Куча поздравлений от друзей, коллег, родственников, и среди всего этого скромное послание с неизвестного номера, открыв которое, я чувствую, как проваливаюсь в тягучую трясину.

Потому что там моя фотка. С Мироном. В тот самый момент, когда мы с ним танцевали, и он предпринял попытку меня поцеловать.

— И как это понимать?

***

Я бы сказала, что очень удивилась, но слово «удивилась» и на одну сотую не соответствовало тому уровню изумления, которое зашкаливало у меня внутри.

Шок. Просто шок.

Я минут десять пялилась на фотографию, на которой Мирон пытался меня облобызать. Снимок не передавал моей отстраненности и равнодушия, поэтому со стороны выглядело очень даже миленько.
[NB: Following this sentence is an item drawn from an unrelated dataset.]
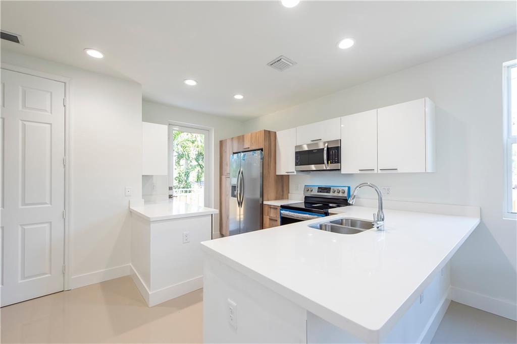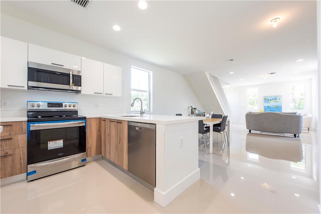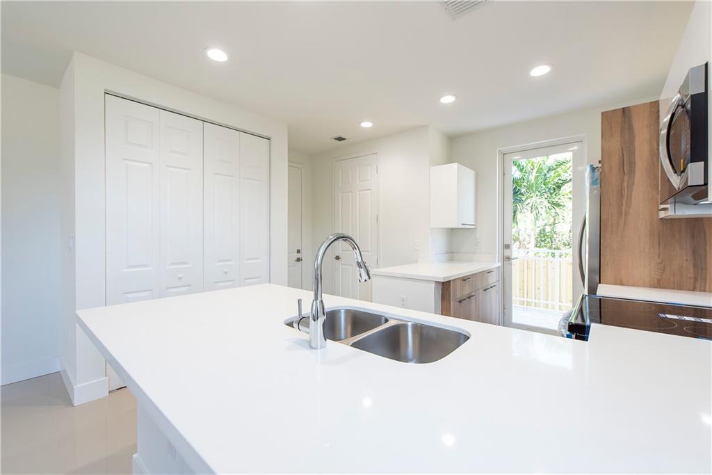 Exceptional value for NEW CONSTRUCTION in the booming community of Edgewood in East Fort Lauderdale! Get ready to move in and enjoy this modern, sun filled townhouse! This townhouse boasts an open floor plan, impact windows and doors, quartz counters, Euro style cabinetry, 9' ceilings on both levels, 24x24 porcelain tile, engineered wood floors, LED lighting, full sized Samsung washer/dryer, an extra deep 1 car garage, your own large private fenced in yard and ample driveway space for guests. The only shared wall is via the garage, so this feels more like a single family home! Fee simple, NO HOA fees, NO restrictions and buyers may qualify with as little as 3% down. Centrally located w/access to major highways, airport, beaches, fine dining and so much more!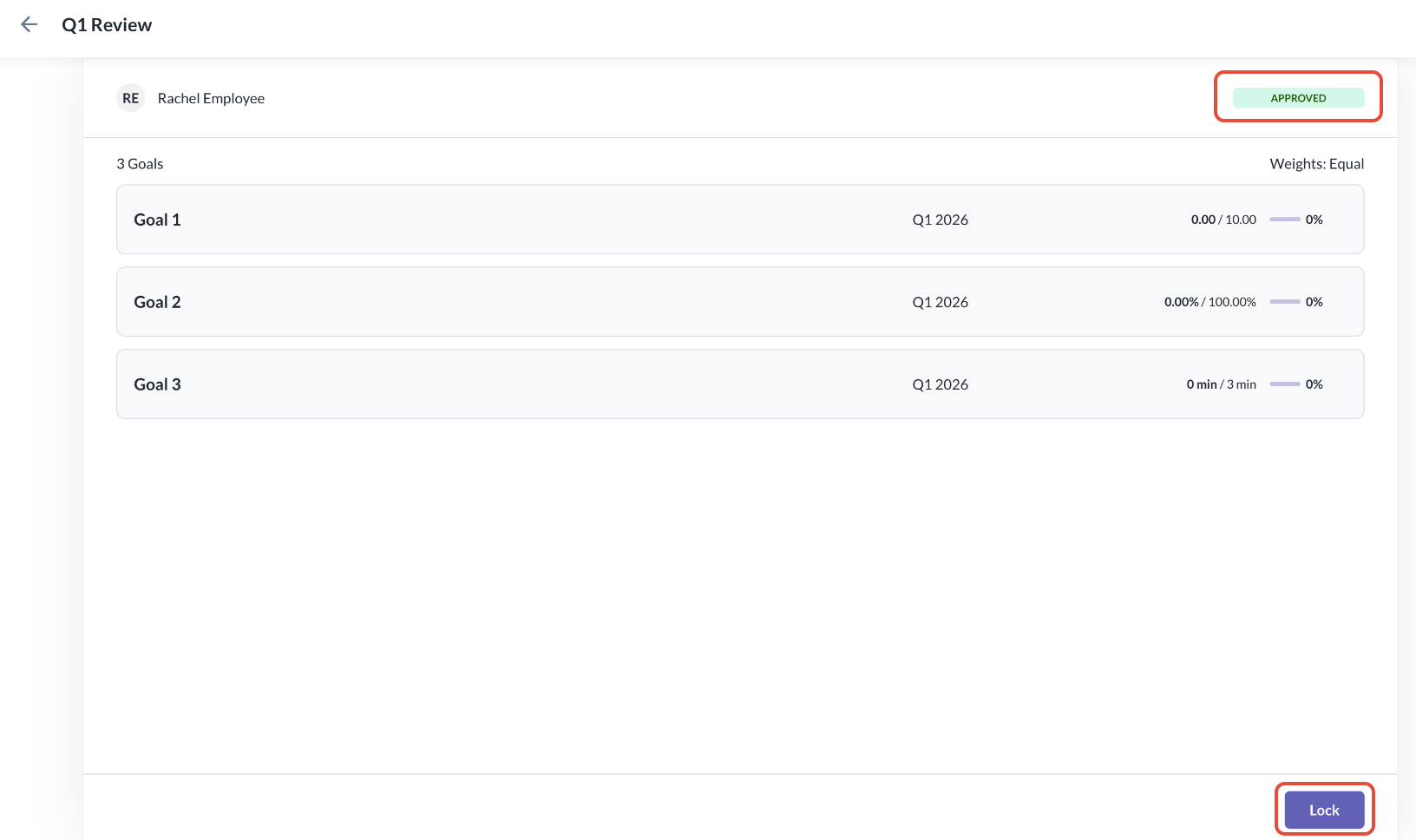 - If the Manager clicks Lock on the Employee's Goal, it will immediately lock and the Lock icon will also appear beside the Goal status

Он, она, и нежность между ними.

— Капец, блин, — только и смогла выдохнуть.

Сначала полыхнуло желание удалить эту ересь, но оно было безжалостно придавлено здравым смыслом. Кто ж в своем уме и трезвой памяти улики удаляет?

Вместо этого принялась листать дальше. Проигнорировала переписку Егора с какими-то девушками. Мы в разводе, и на претензии у меня права нет. Зато на возмущение есть, и оно растет с каждым мигом все быстрее.

Это что за доброжелатель такой нашелся, который снимки подпольные делает и бывшим пересылает? Сколько не силилась, не могла вспомнить кто был поблизости во время нашего танца с Мироном. На том празднике столько людей вокруг скакало, что я всех даже не запомнила.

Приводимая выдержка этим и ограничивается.